Of the many things (or few things depending on my perspective) that I remember from being an undergraduate is this interesting word. I don’t recall my original introduction to it but it became an important word in my vocabulary as I evolved into my senior thesis in photography where the idea of placing one photograph next to another began to fascinate me.
It is a simple premise really. Place any photograph next to another and things change – one affects the other. My initial interest began with graphic relationships – I referred to how these juxtaposed images “echoed” one another. But it was my art history professor who changed everything when he referred to one of these juxtapositions as a visual “poem.”
This was a major personal revelation for me. I realized that I had stumbled upon something that had a long history – the relationships between “objects” be they images, words, or sounds. Dada and Surrealism had taught me that but it had never clicked in my naive, innocent, and ignorant state.

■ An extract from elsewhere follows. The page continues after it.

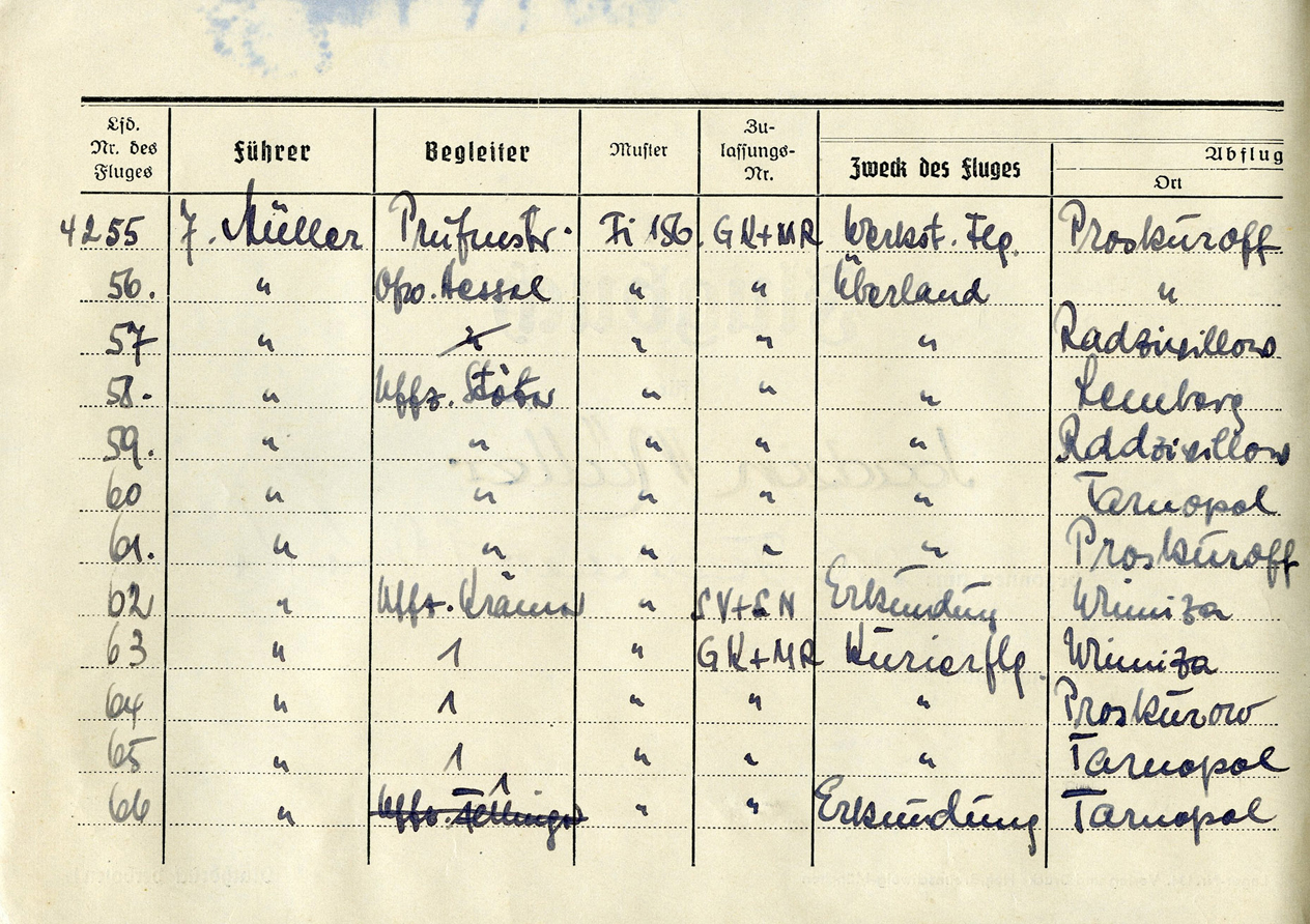[Below: Opening page. From left to right this says 'flight number, leader, co-pilot, model (of plane), approval number, purpose of flight, departure location'. On the upper left hand your notice under the 'flight number' it says 4255, he's on his 4255th flight?! Under 'muster/model' is says 'Fi 156' which means he flew a Fieseler Fi 156 Storch (a plane widely used for reconnaissance, among other uses). Under the departure location it says 'Prooküroff', which may be referrring to 'Prokhorovka', which lies on the border of Russia/Ukraine and is the location of the famous massive tank battle of Kursk during WWII. Also there are the locations of 'Tarnopol' and 'Proskürow' in western Ukraine. On the bottom row of 'purpose of flight' it says 'erkundung' which means 'exploration'.]

These memories were recalled by preparing for a lecture about film editing for the next New Media class. It was then that I first realized the significance of narrative – the causality of juxtapositioning anything. It was pure research and experimentation on my part – “what happens if I put this before that…?”
Bordwell speaks of the four dimensions of editing in film as the relationships between shot A and shot B: graphic, rhythmic, spatial, and temporal. These are part of the many elements that make film such a unique medium. One might say this is the juxtapositioning of images.
But what about words and language? That word juxtapose helped illuminate the nature of poetry:
Graphic: crimson sky
Rhythmic: crimson skies at night
Spatial: vast crimson sky above
Temporal: the crimson sky morphed into darkness
Editing: the juxtapositioning of signs and symbols as an attempt to create or discover meanings. A significant element of narrative structure.